Last night I stayed away from the apartment because I was intimidated and did not want any interaction with management. I know I have rights according to the laws of the land so I went back around 9:30 PM and my electricity was turned off. I was so tired. I just went to bed.
It is 8:40 PM right now and in less than an hour I need to contact the car rental place to add another week. It will cost me about $415. That’s a lot of money, but I have to overcome each week to make a profit.
I’m tired right now. I’m scared to go back to the apartment. I will not be able to see. I will not be able to clean anything or prepare my belongings because of the situation.
Today, I went and talked to legal aid about the situation. They will evaluate my case to see if I qualify for free legal help. If so, I will file a case. I have a feeling that he’s going to get away with what he’s done of course, we all know that vengeance belongs to God and he will repay.
What’s weird about the landlord is he just went through a pretty serious health issue which involves surgery. When I learned about it, I told his wife that I’d be praying for him. I have told him personally that I prayed for him that he would get better. It’s just weird to me that people that go through a life-altering surgery, which could’ve easily resulted in death then turns around and ridicules and persecutes a child of God.
Right now, I hate my life. I am not suicidal, but I am willing to exchange my life for another. I wish the chariot of Elijah would come and get me. I do not say that for sympathy rather I say that because I’m in deep deep sadness.
I like the idea of going to Hawaii and working there… But I’m also afraid. If I go there, I will not know anybody and just hope that nothing goes wrong. Obviously, I need to make money to survive.
I sit here in this park. I’ve been I’ve prayed over 1 million times for my wife and family.
I have prayed that God would move mountains many many times by 1000 times I know God has the power, but will he do it for me?
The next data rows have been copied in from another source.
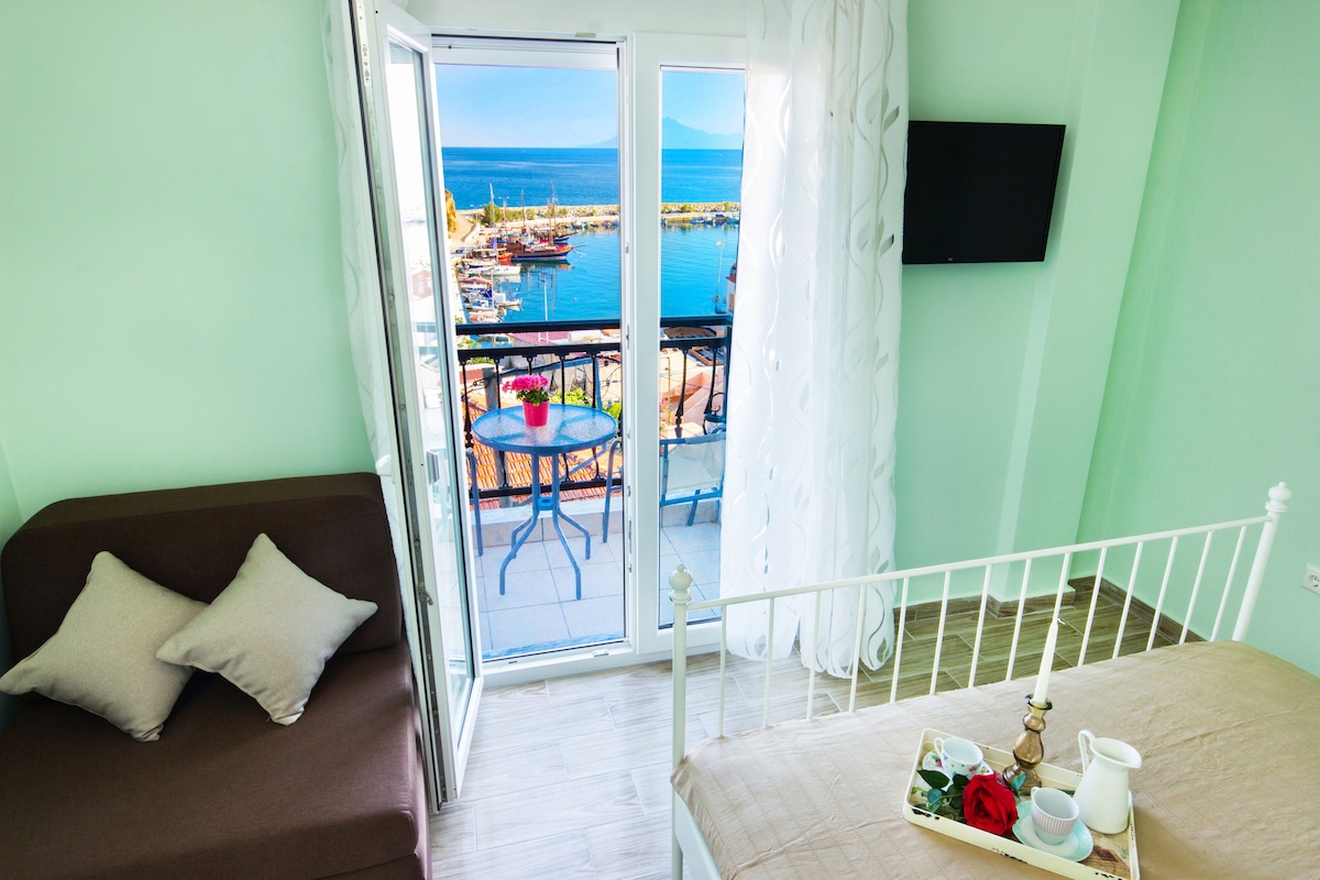 -アパート、海の目の前の2階、タソス島、アトス島、山の眺め。全面改装済み。 - プラッツ・ラプサニ(Plazz Rapsani)から100 mの場所でお風呂を楽しめます。 - 寝室2室、海の目の前のバルコニー3つ、リビングルーム、キッチン、バスルーム - ファリロ公園から150 mの中心部にある、恵まれたロケーション。 -周辺には市場、港、カフェ、バーがあります。 エアコン3台 テレビ50インチフルHD ラジエーター 洗濯機、食器洗い機 電気調理器 電子レンジ コーヒーメーカー トースター 超高速ファイバー300 MbpsのWi-Fi
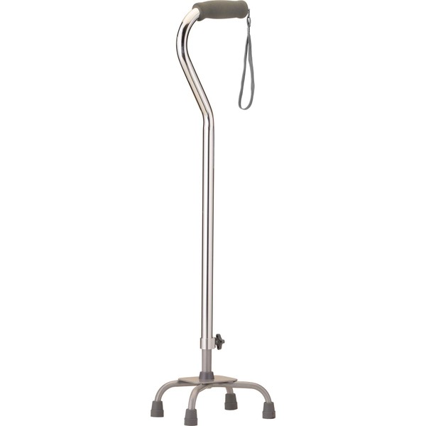 NOVA Heavy Duty Quad Cane with Small Base, 500 lb Weight Capacity Bariatric Walking Cane with Offset Handle, Adjustable Height Aluminum 4-Prong Cane, Right or Left Hand Use, Silver
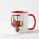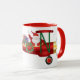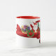 Weihnachtsmann, der auf Doppeldecker mit der Tasse
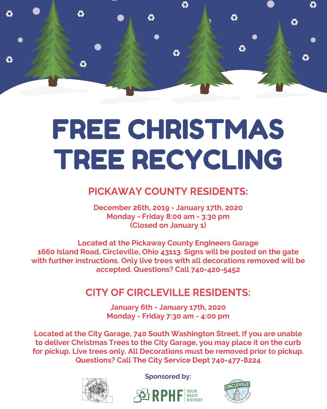 For Circleville residents from January 6th to January 17th you can drop off live trees at 740 South Washington street. Circleville residents have the option of curbside pick up also during this time.
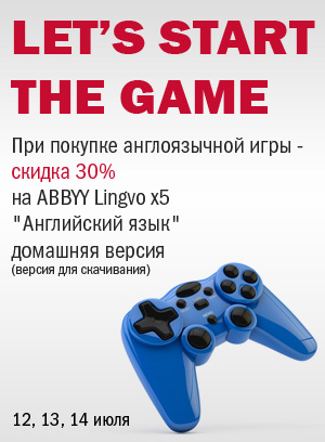 Только три дня с 12 по 14 июля включительно при покупке электронной версии англоязычной игры вы получите купон (промо-код) на 30%-ную скидку* на покупку домашней версии словаря ABBYY Lingvo x5 Английский язык на сайте 1С Онлайн. Данная версия включает 32 грамматических и общелексических словаря, содержащих более двух миллионов словарных статей.

I am so exhausted. I could easily close my eyes as I look up on the river here and pass out and probably not wake up for a few hours.
I love my wife. She has done horrible things to me. It’s mind-boggling to contemplate what she has done to me. Years ago, I brought her from overseas to this country. I gave her so many opportunities based upon the blessings that I had as an American citizen. So sad for her to stab me in the back after everything I’ve done for her.
I do love her and I stay prepared to forgive her. I love her and I stand prepared to love her like Jesus loves the church.
I miss my children. I can only imagine what it would be like to see them and to hug them.
God, please intercede. I played with you to intercede.